Eric Klein Eric Klein
Co-Chair, Open Caching Workgroup, Streaming Video Alliance,
Director, Content Distribution, Disney Streaming Services
Jason Thibeault Moderator: Jason Thibeault
Executive Director,
Streaming Video Alliance

Video: Examining the OTT Technology Stack

This video looks at the whole streaming stack asking what’s now, what trends are coming to the fore and how are things going to be done better in the future? Whatever part of the stack you’re optimising, it’s vital to have a way to measure the QoE (Quality of Experience) of the viewer. In most workflows, there is a lot of work done to implement redundancy so that the viewer sees no impact despite problems happening upstream.

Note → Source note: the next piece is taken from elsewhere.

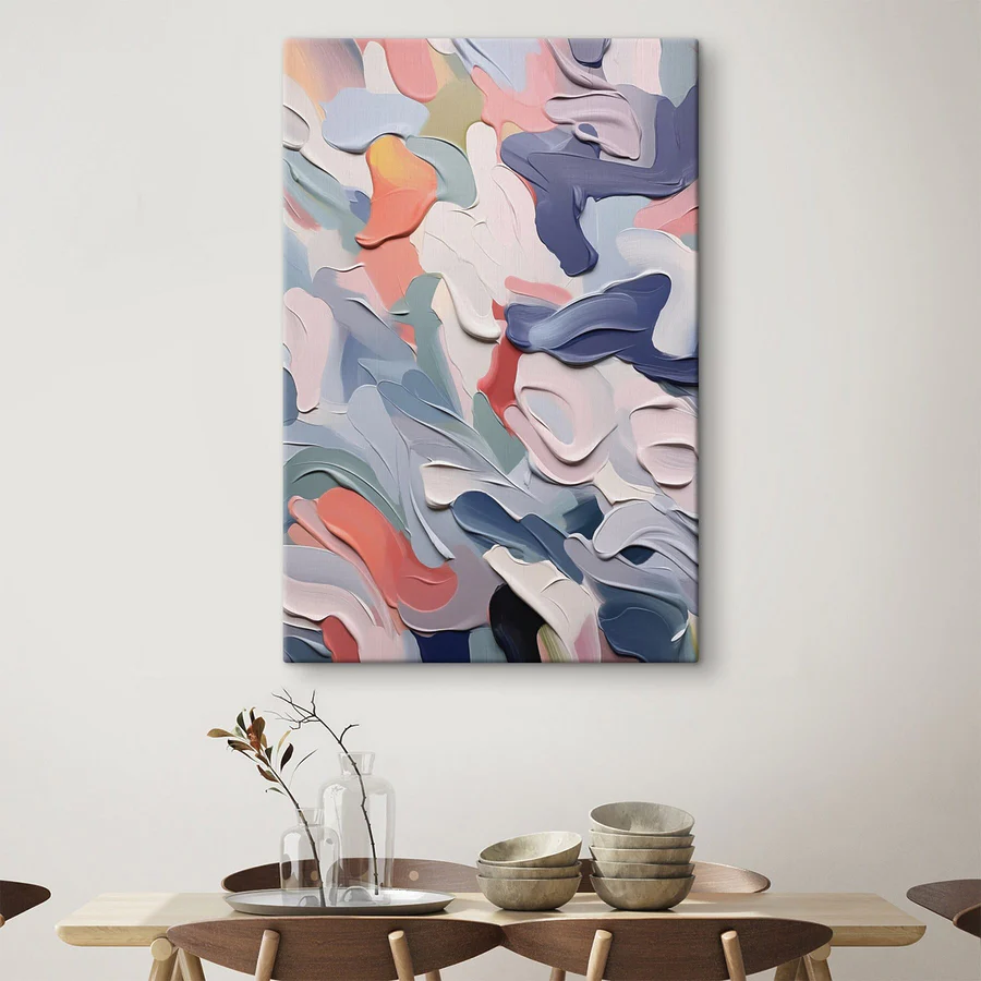Tauchen Sie ein in die beruhigende Umarmung von "Abstract Waves of Gentle Colors". Dieses Werk ist wie ein sanftes Flüstern für Ihre Wände - perfekt, um jedem Raum einen Hauch von Gelassenheit zu verleihen. Stellen Sie sich vor, Sie lehnen sich in Ihrem Lieblingssessel zurück, ein warmes Getränk in der Hand, und lassen Ihren Blick über diese beruhigenden Farben schweifen. Die Wellen der Farben fließen ineinander und erinnern an eine friedliche Küste in der Abenddämmerung. Es ist nicht nur Kunst, es ist auch ein Gesprächsanlass. Freunde können sich in den Wellen verlieren, wobei jede Kontur einen neuen Gedanken auslöst. Diese sanften Pastelltöne können selbst den trübsten Tag aufhellen und machen es zu einem Muss für jeden Raum, der ein wenig Ruhe gebrauchen könnte. Warum also nicht auch Ihre Einrichtung von diesen künstlerischen Wellen umspülen lassen? Es wird eine gemütliche Atmosphäre schaffen, die zur Entspannung einlädt. Viel Spaß beim Dekorieren!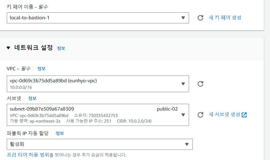 이렇게 아까 만들었던 키를 bastion 인스턴스에 적용해주고, public subnet 중 하나에 할당해준다.

The Streaming Video Alliance’s Jason Thibeault diggs deeper with Harmonic’s Thierry Fautier, Brenton Ough from Touchstream, SSIMWAVE’s Hojatollah Yeganeh and Damien Lucas from Ateme.

Talking about Codecs, Thierry makes the point that only 7% of devices can currently support AV1 and with 10 billion devices in the world supporting AVC, he sees a lot of benefit in continuing to optimise this rather than waiting for VVC support to be commonplace. When asked to identify trends in the marketplace, moving to the cloud was identified as a big influencer that is driving the ability to scale but also the functions themselves. Gone are the days, Brenton says, that vendors ‘lift and shift’ into the cloud. Rather, the products are becoming cloud-native which is a vital step to enable functions and products which take full advantage of the cloud such as being able to swap the order of functions in a workflow. Just-in-time packaging is cited as one example.

Examining the OTT Technology Stack from Streaming Video Alliance on Vimeo.

Other changes are that server-side ad insertion (SSAI) is a lot better in the cloud and sub partitioning of viewers, where you do deliver different ads to different people, is more practical. Real-time access to CDN data allowing you near-immediate feedback into your streaming process is also a game-changer that is increasingly available.

Open Caching is discussed on the panel as a vital step forward and one of many areas where standardisation is desperately needed. ISPs are fed up, we hear, of each service bringing their own caching box and it’s time that ISPs took a cloud-based approach to their infrastructure and enabled multiple use servers, potentially containerised, to ease this ‘bring your own box’ mentality and to take back control of their internal infrastructure.

HDR gets a brief mention in light of the Euro soccer championships currently on air and the Japan Olympics soon to be. Thierry says 38% of Euro viewership is over OTT and HDR is increasingly common, though SDR is still in the majority. HDR is more complex than just upping the resolution and requires much more care over which screen it’s watched. This makes adopting HDR more difficult which may be one reason that adoption is not yet higher.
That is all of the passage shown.